Translation:They will have dinner at 8 on Saturday.

November 21, 2017

68 Comments


https://www.duolingo.com/profile/duckmaestro

Is it natural to split the day and the time apart with 会 in between like that?


https://www.duolingo.com/profile/Amy.SH

It's not "natural" to say like this but we can understand. We usually say it as "他们会在星期六八点吃晚饭。"


https://www.duolingo.com/profile/RixMorales

But can you put 会 before 吃晚饭 as in "他们星期六八点会吃晚饭"?


https://www.duolingo.com/profile/zanababa

This is what I'd have said


https://www.duolingo.com/profile/MaynardHogg

@amy: Your 会在 doubles my confusion just after I've finally mastered the subject + time + verb and time + time + verb patterns.

Note that another response suggests that NEITHER 会 NOR 在 is necessary.


https://www.duolingo.com/profile/Audacity1

I always learned sentence structure as subject + time + place + verb which hasn't given me any issues so far but the placement of 会 is confusing me too to be honest. It seems like you can just get a bit creative with where you place it but correct me if I'm wrong.


https://www.duolingo.com/profile/Audacity1

Oh and by adding 在 i think the sentence goes from "we will eat dinner..." To "we will be eating dinner". Which does sound more natural. But again I'm not a native speaker I'm only speculating.


https://www.duolingo.com/profile/richard711603

I think using 在 before time, is considered 'at' or 'on'.


https://www.duolingo.com/profile/bevic1

In the natural Chinese speaker, they will say "他們星期六晚上八點吃飯".


https://www.duolingo.com/profile/Audacity1

No because that sentence is a very general and almost robotic statement saying "they have dinner on Saturday at 8". You add 会 to write the sentence in the future tense "they will have dinner..." Though I'm not a native Chinese speaker I'm only speaking through observation so maybe someone who knows better can confirm or deny.


https://www.duolingo.com/profile/MaynardHogg

@bevic: Above @amy throws in two more characters 会 (will) and 在 (at).
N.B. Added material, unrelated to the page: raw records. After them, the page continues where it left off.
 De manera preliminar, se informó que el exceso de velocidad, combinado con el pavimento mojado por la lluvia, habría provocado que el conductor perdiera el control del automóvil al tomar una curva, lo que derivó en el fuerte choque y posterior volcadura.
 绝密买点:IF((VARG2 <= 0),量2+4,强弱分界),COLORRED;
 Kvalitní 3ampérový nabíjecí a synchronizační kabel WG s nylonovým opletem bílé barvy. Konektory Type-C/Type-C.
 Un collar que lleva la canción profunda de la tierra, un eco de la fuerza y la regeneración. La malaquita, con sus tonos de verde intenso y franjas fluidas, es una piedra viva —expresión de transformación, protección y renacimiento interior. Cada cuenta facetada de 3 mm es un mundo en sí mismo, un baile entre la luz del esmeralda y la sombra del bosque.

https://www.duolingo.com/profile/RegWong1

It is totally illogical to intersperse 星期六 and 八点 with 会.


https://www.duolingo.com/profile/Ben-Sydney

I believe the 会 is establishing a confident expectation in the future. They WILL have dinner at six this coming Saturday (rather than dinnertime is usually 6pm on Saturdays). Is this right?
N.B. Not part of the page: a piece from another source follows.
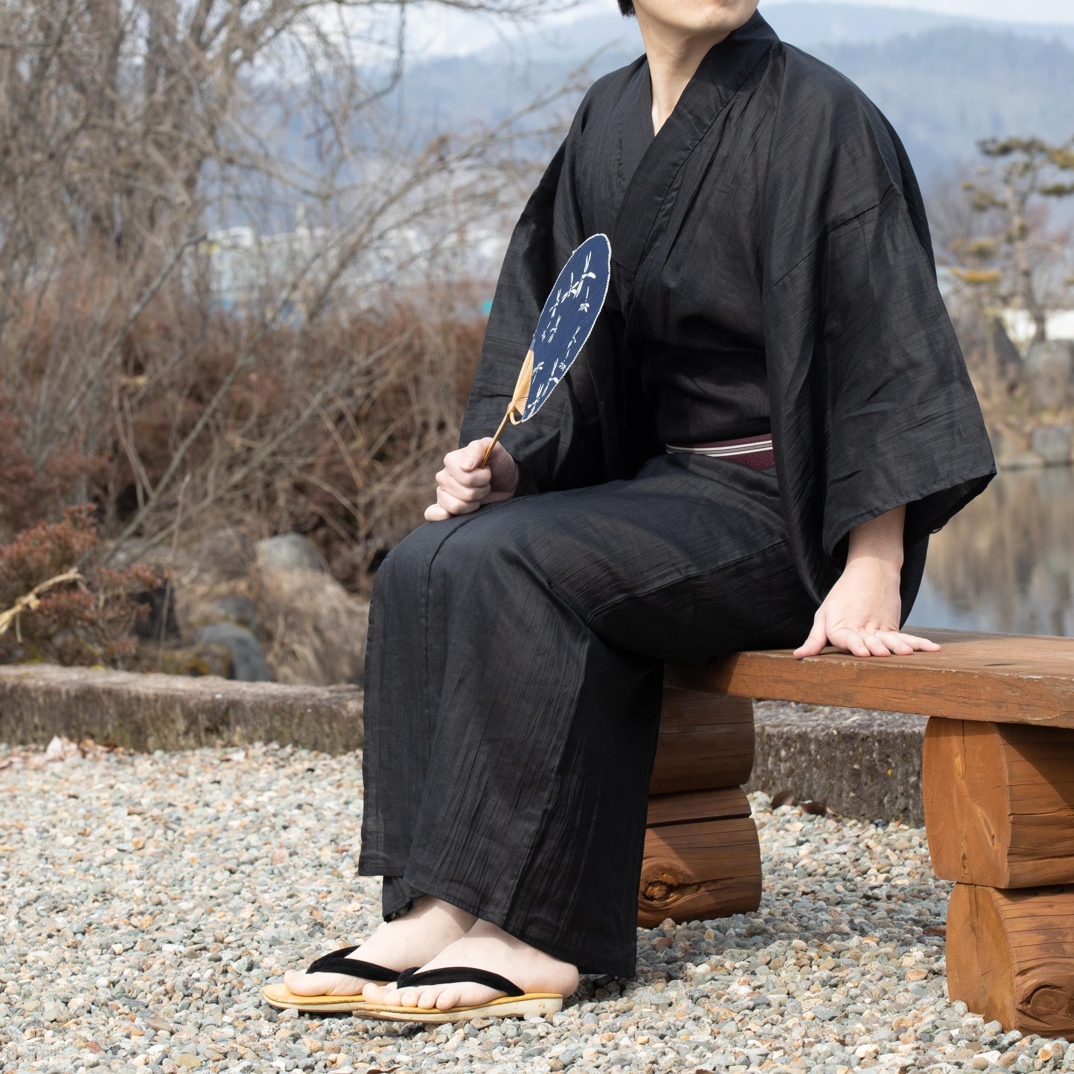 大人には上質素材のシックな甚平がよく似合います。

https://www.duolingo.com/profile/MaynardHogg

I am CONFIDENT that the combination of a non-past verb and a specific day is sufficient CONTEXT to specify "this (coming)" or "next." The only difficulty is choosing "will" or "are going to." IADOTC


https://www.duolingo.com/profile/Sora942232

In this sentence why 会 split the time chunk? is 他们星期六八点会吃饭 correct?


https://www.duolingo.com/profile/OlgaTulina

Can someone please reply if that's correct.


https://www.duolingo.com/profile/mi_feng_bo_shi

That's what I put and was marked correct (29/04/2020). I'm very confused about past\future in Chinese!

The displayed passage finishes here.